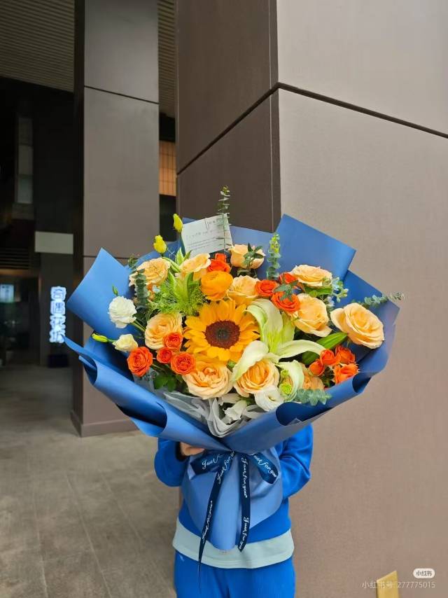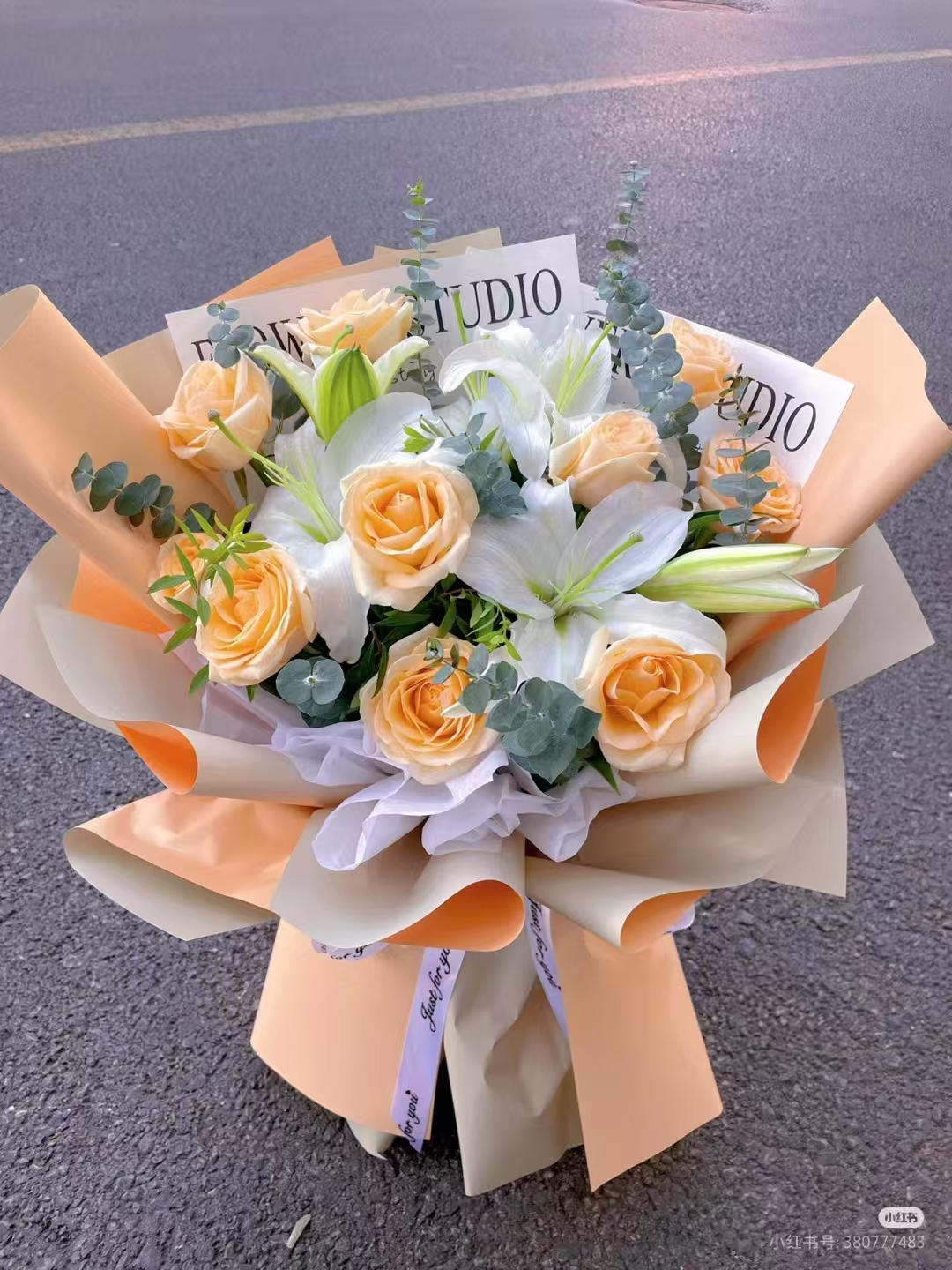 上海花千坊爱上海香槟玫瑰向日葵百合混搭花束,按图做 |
========================
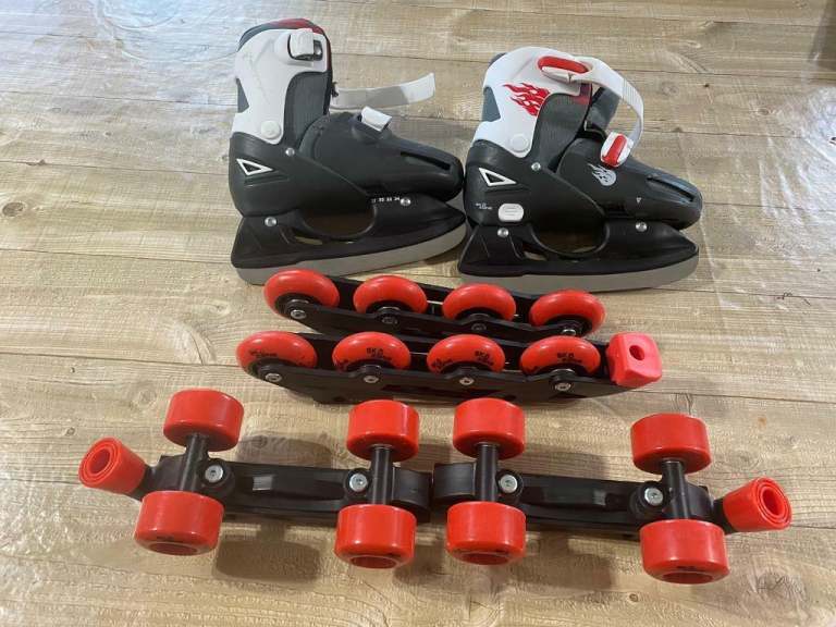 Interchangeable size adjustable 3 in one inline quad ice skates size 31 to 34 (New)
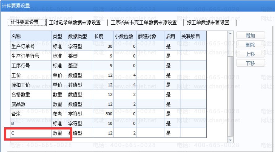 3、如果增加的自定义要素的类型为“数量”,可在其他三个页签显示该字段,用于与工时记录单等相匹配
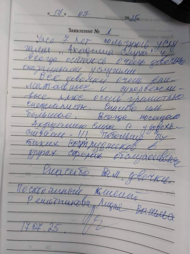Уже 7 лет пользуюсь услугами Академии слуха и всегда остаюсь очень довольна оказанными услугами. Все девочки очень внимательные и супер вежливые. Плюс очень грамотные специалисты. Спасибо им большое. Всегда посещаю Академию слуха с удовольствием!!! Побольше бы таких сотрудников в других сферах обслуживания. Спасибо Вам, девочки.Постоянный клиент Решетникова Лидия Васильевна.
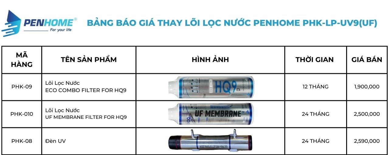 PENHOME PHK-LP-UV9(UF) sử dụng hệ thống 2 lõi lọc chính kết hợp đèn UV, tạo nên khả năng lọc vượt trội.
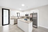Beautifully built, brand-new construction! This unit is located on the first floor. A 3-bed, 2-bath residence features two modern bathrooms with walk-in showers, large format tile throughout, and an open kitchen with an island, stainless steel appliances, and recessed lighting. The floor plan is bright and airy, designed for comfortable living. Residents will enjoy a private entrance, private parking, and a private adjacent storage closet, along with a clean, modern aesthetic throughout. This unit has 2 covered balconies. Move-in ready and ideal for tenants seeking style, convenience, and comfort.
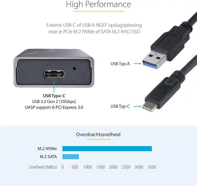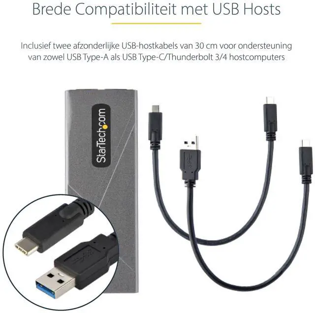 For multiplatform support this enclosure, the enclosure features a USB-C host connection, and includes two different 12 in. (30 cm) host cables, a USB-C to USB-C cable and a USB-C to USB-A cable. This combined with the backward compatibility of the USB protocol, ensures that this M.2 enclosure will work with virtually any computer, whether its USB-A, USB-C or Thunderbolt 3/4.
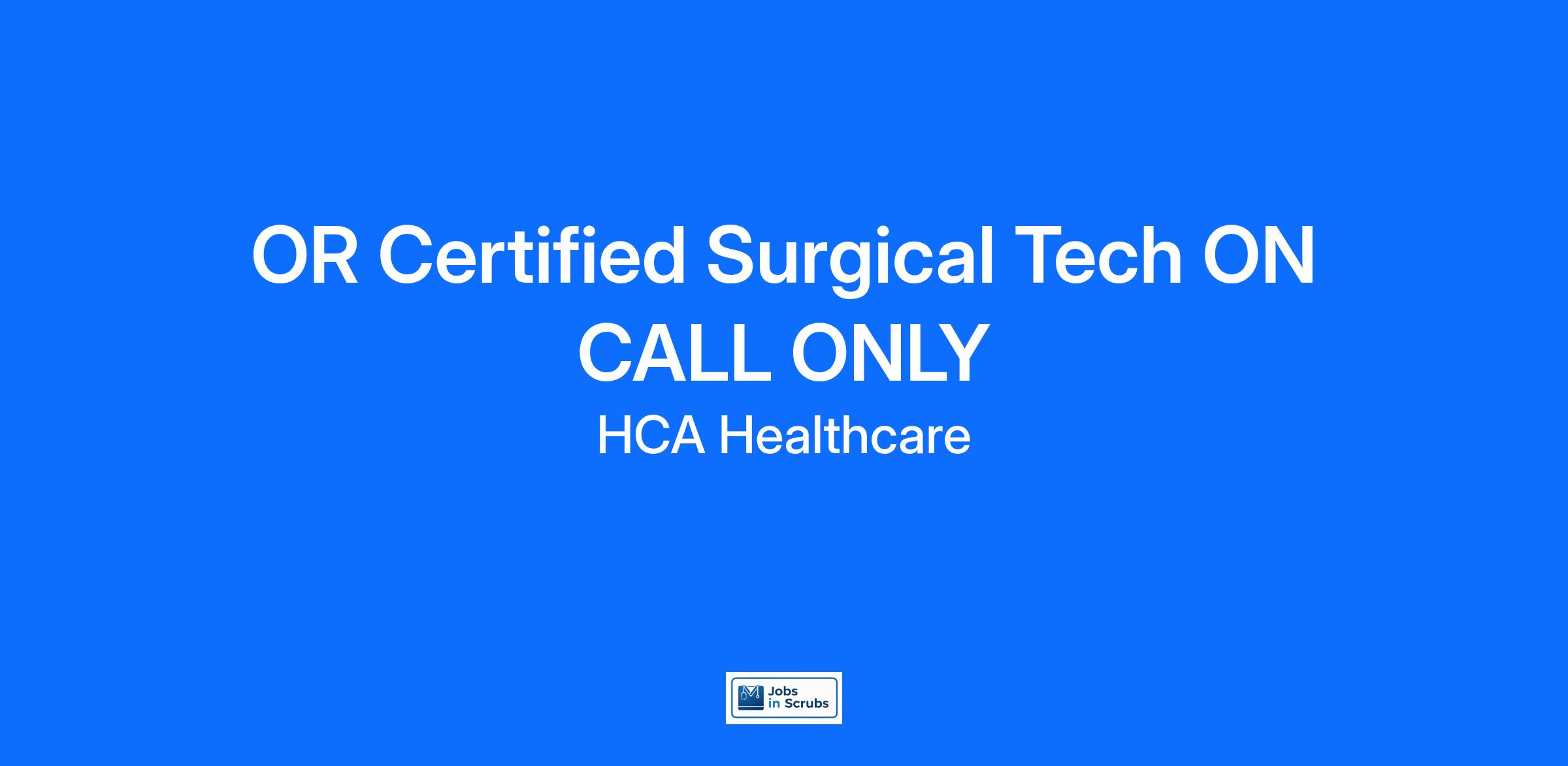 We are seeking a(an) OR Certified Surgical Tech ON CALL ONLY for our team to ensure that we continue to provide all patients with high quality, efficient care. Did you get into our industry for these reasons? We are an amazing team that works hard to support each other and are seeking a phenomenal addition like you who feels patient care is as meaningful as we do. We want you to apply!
========================
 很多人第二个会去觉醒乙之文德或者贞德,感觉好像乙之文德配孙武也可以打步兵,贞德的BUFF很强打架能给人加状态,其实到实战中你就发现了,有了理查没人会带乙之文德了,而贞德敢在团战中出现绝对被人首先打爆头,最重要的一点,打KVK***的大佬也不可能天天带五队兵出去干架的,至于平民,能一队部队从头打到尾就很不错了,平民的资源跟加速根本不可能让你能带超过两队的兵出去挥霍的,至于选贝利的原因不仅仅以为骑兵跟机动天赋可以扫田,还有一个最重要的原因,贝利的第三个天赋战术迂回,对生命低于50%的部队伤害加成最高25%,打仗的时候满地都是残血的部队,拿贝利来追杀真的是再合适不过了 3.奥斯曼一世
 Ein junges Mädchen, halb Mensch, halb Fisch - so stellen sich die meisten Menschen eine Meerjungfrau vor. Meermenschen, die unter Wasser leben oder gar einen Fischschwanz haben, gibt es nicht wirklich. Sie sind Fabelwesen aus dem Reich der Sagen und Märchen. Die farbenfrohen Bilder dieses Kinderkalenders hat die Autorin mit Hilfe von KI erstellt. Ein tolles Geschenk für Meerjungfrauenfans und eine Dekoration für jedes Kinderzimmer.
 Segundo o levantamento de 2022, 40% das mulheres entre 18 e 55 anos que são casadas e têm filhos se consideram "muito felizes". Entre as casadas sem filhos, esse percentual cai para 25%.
========================
* [Exercise objective]:
The material above holds pictures; leave them out and set down exactly the lines from the line with "Уже 7 лет пользуюсь" to the line with "PENHOME PHK-LP-UV9(UF) sử", both included.

* [Exercise output]:
Уже 7 лет пользуюсь услугами Академии слуха и всегда остаюсь очень довольна оказанными услугами. Все девочки очень внимательные и супер вежливые. Плюс очень грамотные специалисты. Спасибо им большое. Всегда посещаю Академию слуха с удовольствием!!! Побольше бы таких сотрудников в других сферах обслуживания. Спасибо Вам, девочки.Постоянный клиент Решетникова Лидия Васильевна.
 PENHOME PHK-LP-UV9(UF) sử dụng hệ thống 2 lõi lọc chính kết hợp đèn UV, tạo nên khả năng lọc vượt trội.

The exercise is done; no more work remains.